Kangerlussuaq, Greenland was not a place I expected to love; it was a place I expected to tolerate.
It was the light that got me.
I was enchanted by the quality of light in late October in the Polar Circle. The sun takes its time rising, appearing around 9:30, then skirts low across the sky just above the hills, before setting languorously in mid-afternoon.
The landscape is rock, low vegetation, dusted and covered in snow, and the low golden light gives everything a wistful, melancholy feel.
AND at night, the auroras!
They swirl and dance grow and fade. Enchanting. Mesmerizing. We stayed outside as long as we could stand the cold. I woke over and over during the night to peek out the window and watch the magical show without even leaving my warm bed! I was so enthralled it seemed a shame to sleep through it. Mornings were dark and sometimes still the northern lights danced.
We were in Greenland to run the Polar Circle Marathon, an amazing event put on by Albatross Adventures.
Kangerlussuaq is a small town, dominated by the airport, which is the main hub for flights all over Greenland. Greenland has no roads between towns, relying heavily on air travel, and it all goes in and out of Kangerlussuaq. The airport restaurant and bar are the only things open in town in winter, so the airport serves as the social hub as well.
Out the door and around the corner is the Polar Lodge, a no frills, sparkling clean, cozy warm hostel, with a great view of the runway, and a kick-ass hot water radiator in every room. And across the street, a well-stocked grocery store with everything, I mean everything you might need. We settled for beer and some snacks.
The Polar Circle Marathon and 1/2 Marathon begins with about 10 Km on the Polar Ice Cap, a phenomenally wild and beautiful place. It is as if the ocean froze solid, waves and all. There are hills and valleys and plains, sometimes covered in snow, but often bare blue ice, many, many meters deep. We wore crampons, and scampered up and down, over and around, on a course marked by poles. I felt like a kid, just out playing on the ice and snow, and around every corner was a jaw-dropping view.
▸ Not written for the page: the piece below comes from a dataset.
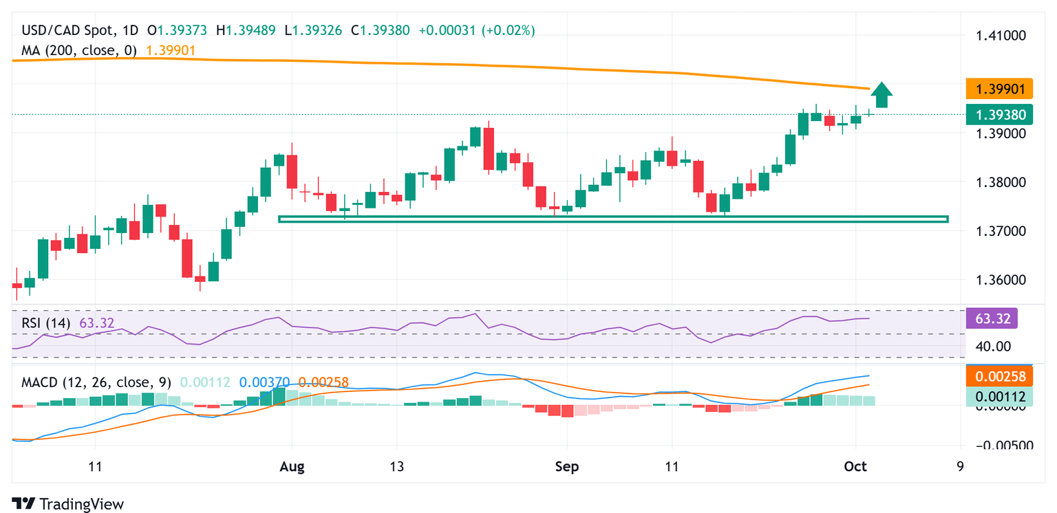 USD/CAD Price Forecast: Seems poised to surpass 200-day SMA, around 1.4000 mark

We hiked the course the day before the races, a great opportunity to take pictures and get a first glimpse. The opportunity to explore the ice cap was such a rare gift, I wanted to soak in every minute.
Once we left the ice, we had 30 plus kilometers to run on the only existing road, back into town. Gravel, snow and ice covered, skirting alongside the Russell glacier, weaving between low mountains, past frozen lakes, scenic views filling the eye and the spirit, until at last we could see the brightly painted buildings of town and the finish line.
I am a slow runner on my best day. Marathons are hard, they’re long, there are always times when I just want to get done. This race was no different, but it was also the kind of day where, looking back, it’s hard to believe where you’ve been, what you’ve been lucky enough to see and experience. That’s why I call marathons “sightseeing on my feet.” It’s an amazing way to experience the world, to be in places I’d never get to otherwise. It’s enough to keep me getting out, every day, putting in the miles and saying
YES, when the next crazy opportunity comes.
In this case, I also said “Yes” to the “Polar Bear Challenge”, meaning full marathon on Saturday, followed by ½ marathon on Sunday. Which meant I got another day on the Polar Ice cap. What a gift. I wanted to dawdle all morning on the ice, and along the road past the glacier, just soaking it in. But alas, there was a cut off, and I do have a tiny bit of ego, so I kept moving forward.
A final note: Remember, I said I only expected to tolerate Greenland? Well, I fell so hard for this rugged, wild, beautiful place with the golden light that I went twice. Originally in 2016, and returned in 2018 to do the trip described here. After completing the Polar Bear challenge, we flew to the town of Ilulisat for a few days, which deserves its own article, coming soon.